Resposta à demanda e novos mercados no radar

A resposta passa, inevitavelmente, pela evolução do setor elétrico. Programas de resposta à demanda e mecanismos de flexibilidade aparecem como próximos passos naturais — mas ainda dependem de avanços regulatórios.

Para o Gerente de Engenharia, Desenvolvimento Solar e Armazenamento da Casa dos Ventos, Luis Guilherme Basto de Castro, o Brasil ainda está em estágio inicial nesse processo. “Precisa se levantar, começar a andar para depois pensar em correr”, afirmou, ao comentar a maturidade ainda limitada desses instrumentos no país.

Ele destaca que a necessidade de flexibilidade deve crescer à medida que o sistema incorpora mais renováveis e enfrenta maior volatilidade de preços. Nesse contexto, o armazenamento tende a assumir papel central tanto do lado do consumo quanto da geração.

A discussão também avança para além do segmento C&I. Segundo os executivos, o mercado residencial pode se tornar um vetor relevante nos próximos anos, impulsionado por tarifas horárias, automação e integração com veículos elétricos. “As próprias residências deveriam responder ao sistema”, disse Castro, projetando um cenário em que consumidores passam a atuar de forma mais ativa na gestão da energia.

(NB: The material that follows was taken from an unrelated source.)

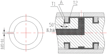 密封環(huán)12和14的安裝好壞和使用中的摩擦將影響操縱油的密封情況,從而影響離合器的工作,應(yīng)此對(duì)密封環(huán)的安裝要予以足夠的重視。見密封示意圖。在軸上的槽中,靠外側(cè)一面有50‘的斜角,會(huì)使兩側(cè)的T1及T2面產(chǎn)生壓力差,T2面壓力稍大于T1面,在壓力差的作用下,緊壓在A點(diǎn)附近的一個(gè)小環(huán)形面上,達(dá)到密封的目的,并在A點(diǎn)附近產(chǎn)生相對(duì)轉(zhuǎn)動(dòng)與摩擦。密封環(huán)的外圓因受密封環(huán)的張緊力,而壓在套的內(nèi)圓面上。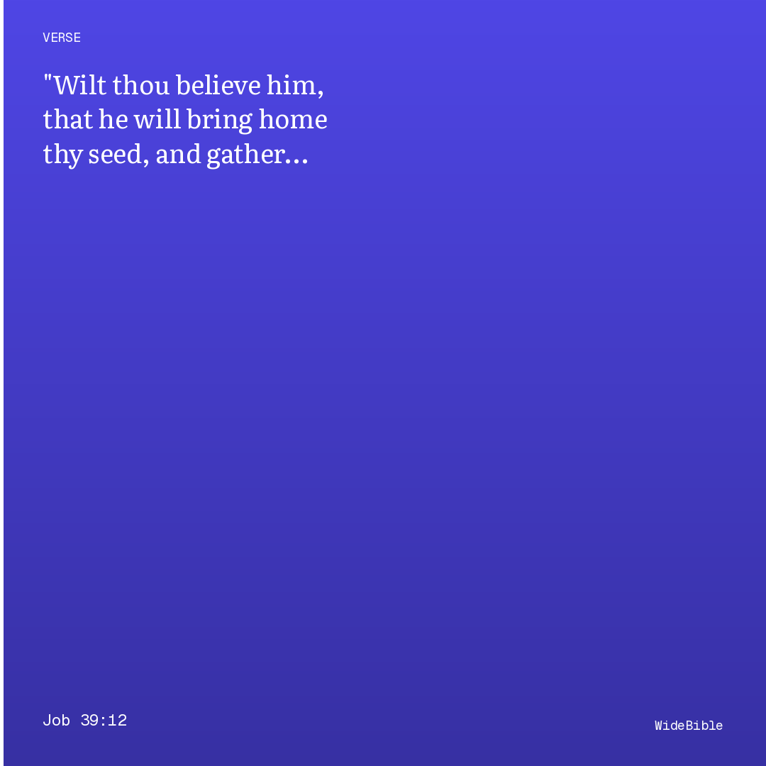 Wilt thou confide in him, that he will bring home thy seed, And gatherthe grainof thy threshing-floor?

Entre a decolagem e a turbulência

A fotografia do setor, portanto, é de avanço concreto — mas ainda irregular. De um lado, fundamentos econômicos mais sólidos, novas aplicações e maior interesse do mercado. De outro, lacunas regulatórias e incertezas que limitam a escala dos investimentos.

Ainda assim, o consenso entre os participantes é que a direção está definida. “A bateria vai entrar para ficar”, afirmou Oliveira. Se a decolagem completa ainda depende de ajustes finos, o armazenamento já deixou claro que não é mais promessa. Passou a ser, cada vez mais, parte integrante da estratégia energética no Brasil.